The following is an excerpt from OpinionJournal’s “Best of the Web” at WSJ written by the editor, James Taranto.
Make That 6
- “Don’t Want NSA to Spy on Your Email? 5 Things You Can Do”—headline, Associated Press, March 16
- “Bill Clinton Doesn’t Use Email”—headline, American Spectator website, March 11
Contempt of Court
Remember when Barack Obama was president-elect and his enthusiasts made him out to be Lincoln, FDR, JFK and Reagan all rolled into one? Well, the good old days are back, in a manner of speaking, thanks to William Baude, a law professor at the University of Chicago. In an op-ed for the New York Times, Baude declares that “ President Obama could . . . take a page from President Lincoln”:
In his first inaugural address, Lincoln discussed a recent Supreme Court decision about slavery. He forswore “any assault upon the court,” but stressed that “the policy of the Government upon vital questions affecting the whole people” ought not be “irrevocably fixed” by a single suit brought by only a few. He said that Supreme Court opinions were thus “entitled to very high respect and consideration in all parallel cases” but were ultimately limited to “the parties to a suit as to the object of that suit.” If the Obama administration thinks the stakes are high enough, it can take the same path.
So what is it that Baude considers to be today’s equivalent of slavery? The Patient Protection and Affordable Care Act of 2010.
You might have been under the impression that likening ObamaCare to slavery was a Tea Party trope, but it seems that King v. Burwell, a case now pending at the high court, has turned the tables, or at least one table in Woodlawn. Baude, an ObamaCare supporter, is making the case for an equivalency between slavery and the ACA—specifically, the act’s provision limiting insurance subsidies to those taxpayers who purchase policies “through an Exchange established by the State.”

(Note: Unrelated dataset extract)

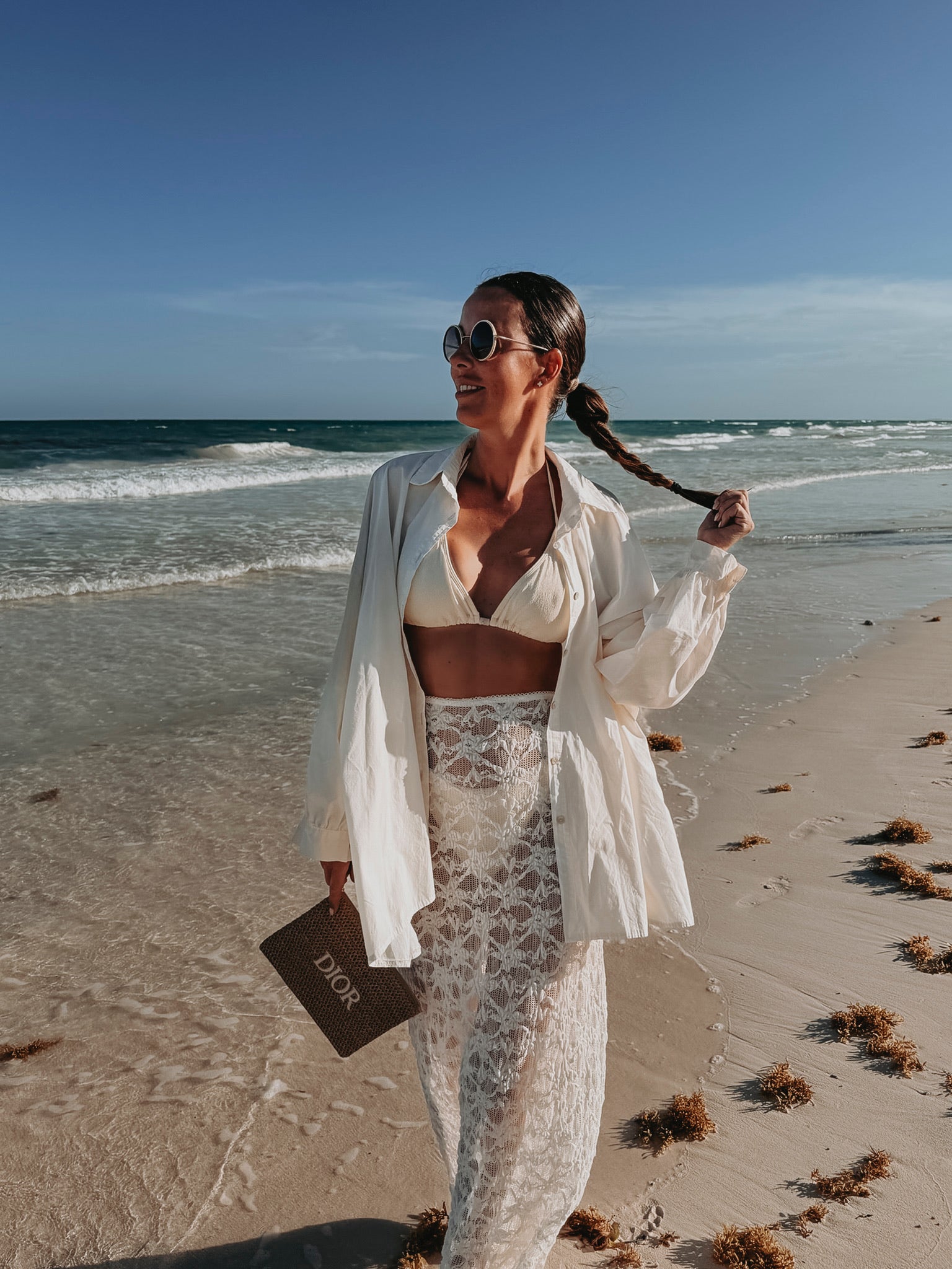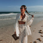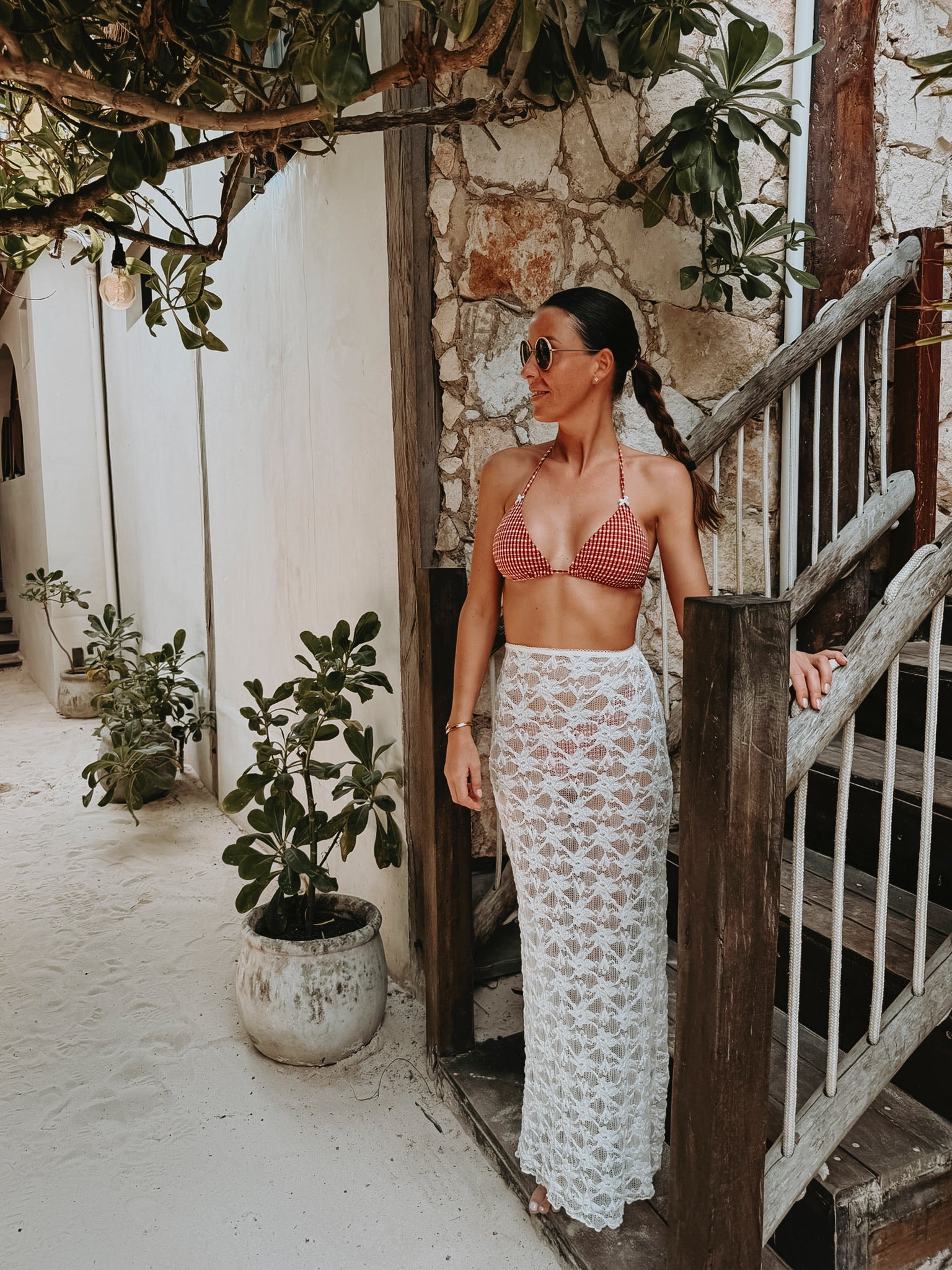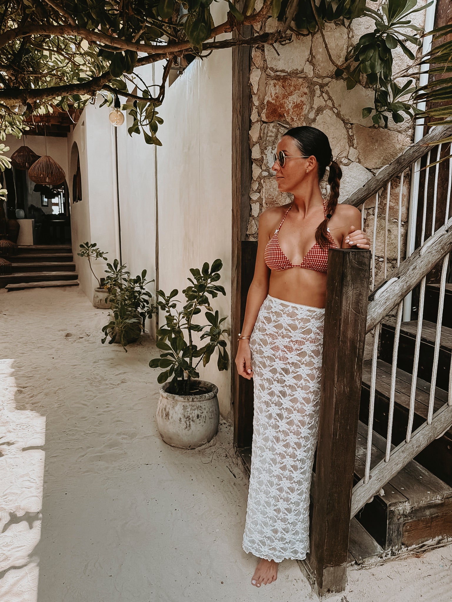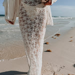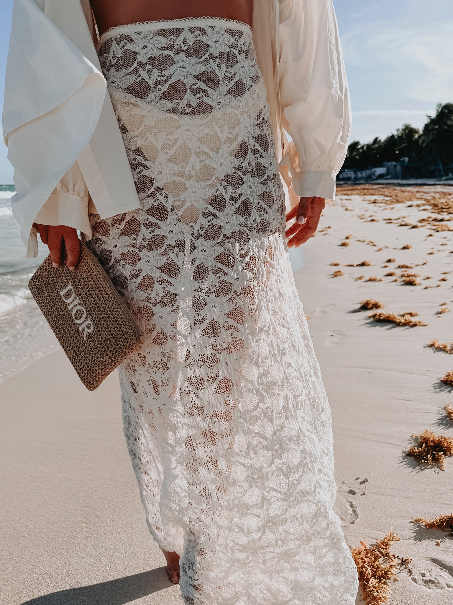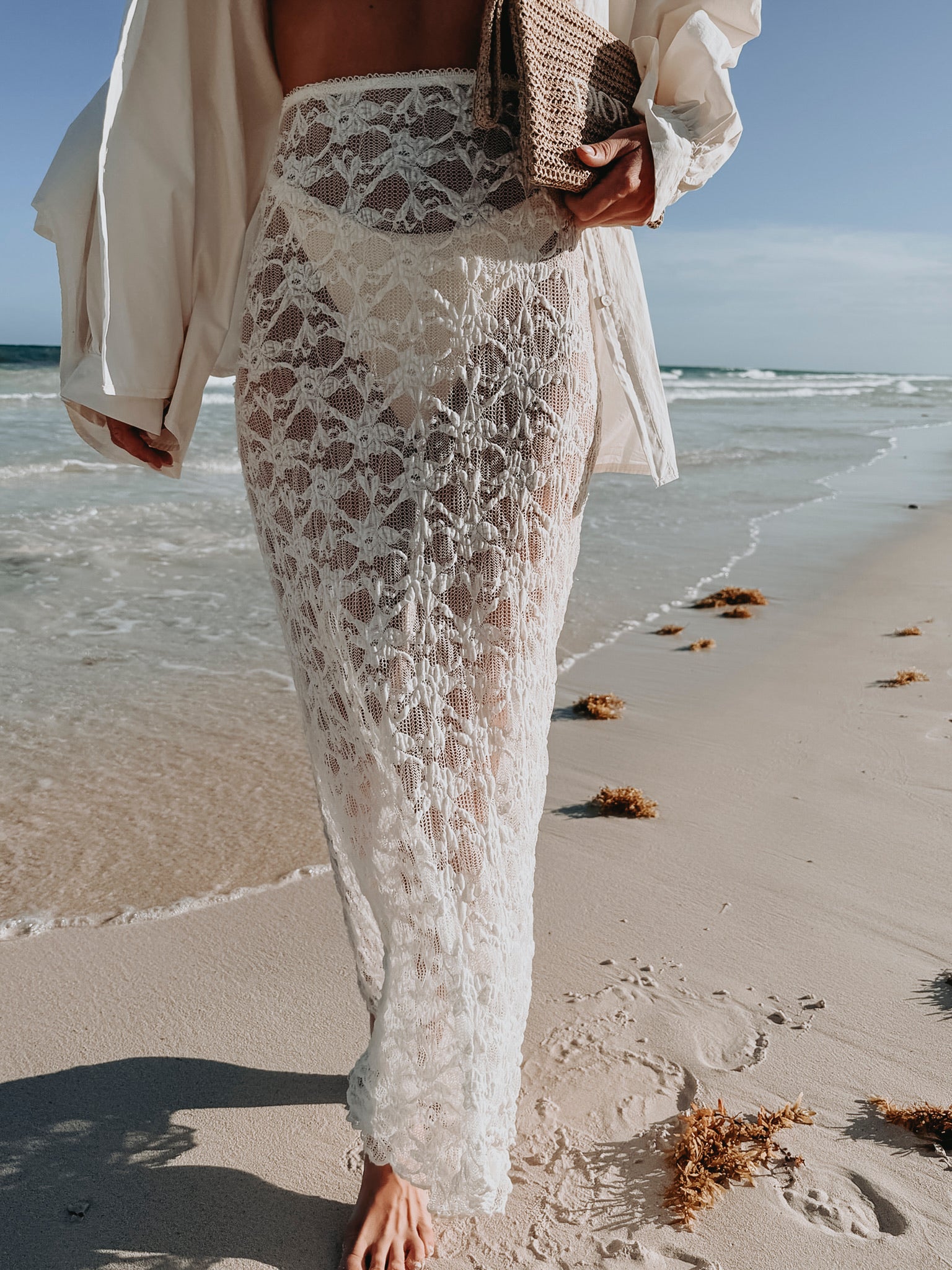 Een elegante lange kanten rok, perfect om over een bikini te dragen of te stylen met een trendy blouse of blazer voor een chique look.

If the justices strike down the Internal Revenue Service’s decree to the effect that “established by the State” means “established by the State or not—either way,” Baude thinks Obama should take the same approach Lincoln did to Dred Scott: ignore the decision, except as it applies to the specific plaintiffs. The effect would be that those four individuals would be exempt from the ObamaCare tax on lacking medical insurance, but the IRS would continue doling out illegal subsidies and enforcing the mandate tax against everyone else.
Baude argues that “the real obstacle” to his lawless “contingency plan” is “political.” It “forces the president to spend substantial political capital.” No kidding—and that underscores just how far out the Lincoln analogy is. If the ACA is enough like slavery to justify defying the Supreme Court, does it also justify a civil war?
Let us note there is no indication the administration is contemplating the Baude solution. The op-ed itself quotes Health and Human Services Secretary Sylvia Burwell, the named appellee in the case, as saying in a letter last month to Congress: “We know of no administrative actions that could, and therefore we have no plans that would, undo the massive damage to our health care system that would be caused by an adverse decision.”
That could be a bluff designed to scare either the court into siding with the administration or Congress into enacting remedial legislation acceptable to Obama. But even if the administration has no idea what to do if King goes against it, Baude hopes to give it an idea. His idea constitutes an outrageous power grab, but at this point is anyone certain Obama would view that as a drawback instead of an advantage? This is, after all, the president who personally (and inaccurately) upbraided the justices during a State of the Union address for a decision he found ideologically uncongenial.
Still, disrespect for the judiciary is one thing; open defiance is a considerably more radical step. If the president’s men are seriously considering Baude’s advice, they might want to consider that the precedent would weaken if not destroy the authority of high court decisions that the left does find congenial.
Also this term—quite possibly on the same day as the King case is decided—the court will issue a ruling that will likely hold there is a constitutional right for same-sex couples to marry. The administration presumably will expect the states to accept this as binding law and modify their policies accordingly. Or, to take a case decided years ago, Planned Parenthood v. Casey (1992) won’t mean very much if states decide to act as if the right to abortion belongs only to women who sue.